Re: A searchable datastructure for represeting attributes?

From: Obnoxio The Clown <obnoxio_at_hotmail.com>
Date: Wed, 27 Feb 2002 21:35:59 GMT
Message-ID: <3c7d4f20.20729737@News.CIS.DFN.DE>

On Wed, 27 Feb 2002 14:13:00 -0500, no_spam_for_me_at_thankyou.very_much wrote:

>Obnoxio The Clown wrote:
>
>> On Wed, 27 Feb 2002 11:16:15 -0500, no_spam_for_me_at_thankyou.very_much
>> wrote:
>
>> Use approach 2.
>
>I would love to. In fact we did use approach_2 for a a long time and
>unfortunately it proved impractical. Yes approach_2 has all the benifits I
>described plus as you correctly pointed out it's easier to report on. The
>problem is that in our case is 2-fold:
>
>1) the attribute keys change frequently and on the fly (ie when the
>application is running) so "alter table drop/add column" is not practical
>when the table is large.
>
>2) There are many many attrubutes (~ 500) and only 3 or 4 at most are set
>for any given object. The application is structured in such a way that when
>an object does not have an attribute set it gets a default value associated
>with that attribute key. So from the perspective of the application all
>objects have all fields specified but the database only stores separate rows
>for those object that have value different from default. If you structure
>the schema with approach_2 your usage of space increases by a factor of
>about 100 consumed for storage of NULLs or defaulft values.
>
>Even though the object model of my particular situation is too long and
>boring to go into I will give the following example: Imagine you have a
>database of resdidents in a particular town and you have attributes like
>phone number, address etc. But you also have attribtutes like place of birth
>which by nature of the data is the same for 99% of the residents of the town
>(eg the town itself)and is different for the 1% who moved in from elsewhere.
>Now imagine you have 500 attibutes with this quality 99% of objects have the
>same value and 1% has a different value. If you use the trivial solution (as
>I described in approach_2) your database is going to be 100 bigger than it
>needs to be. It becomes a case of denormalization in a way. Imagine also
>that attributes are constantly added and deleted as the application is
>running. When you think about this example you will see that approach_1
>makes a lot more sense except for the fact that searching it requires lots
>of self-joins (or correlated subqueries). If it was not for searching
>approach_1 below would be a far superior solution. Now my question is: Is
>there any datastructure that has the fliexibility and "normalization" of
>approach_1 and the ease of search of approach_2. I do not mean ease in a
>sense that the query has to be trivial but in a sense that it would be fast.
>Combining SQL with application logic is also fair game as long as it
>achieves the results.

Hey! This is a forum for discussion of a relational database. What you're describing sounds like something else, and denormalisation is the closest I come to swearing.
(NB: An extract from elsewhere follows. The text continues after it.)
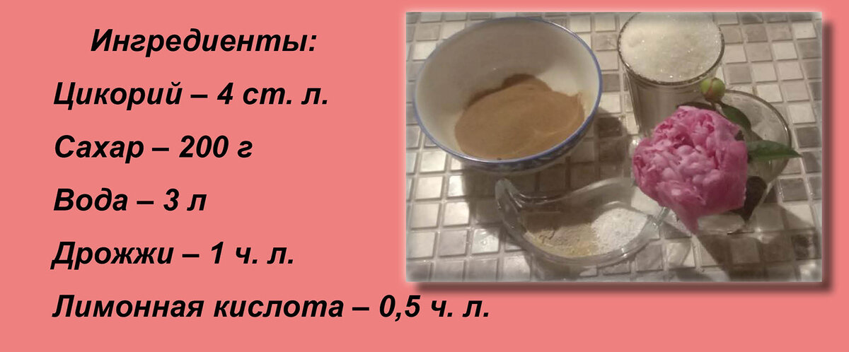 Рецепт ориентирован на растворимый цикорий. Вода должна быть тёплой, очищенной или кипяченой. 1 шаг. В 3-х литровую банку (лучше взять банку с закручивающейся крышкой) высыпаю цикорий, сахар, лимонную кислоту, дрожжи. 2 шаг. Вливаю к сухим ингредиентам 2 стакана воды, взятые из общего количества. Хорошо перемешиваю и оставляю до появления пены (примерно 10–30 минут, зависит от качества дрожжей). 3 шаг. После образования пены выливаю остальную воду, хорошо перемешиваю, накрываю марлей или полотенцем и оставляю на 6 часов. 4 шаг. По прошествии 6 часов плотно закрываю банку закручивающейся или капроновой крышкой и отправляю в холодильник минимум на 8 часов. Попробуйте обязательно – получается приятный, в меру сладкий и газированный напиток. ПРИЯТНОГО АППЕТИТА!!!

OK, I'll try something else (9.x only): why don't you build a row that has a structure for all the stuff that *is* "unique" or relatively so, and has a set component at the end, with pairs of values that indicate which field(s) differ and the associated value.

Unfortunately, I'm a bit busy at the moment, I just dipped in here for some light relief, but if you have 9.x get the manuals out and look into collections....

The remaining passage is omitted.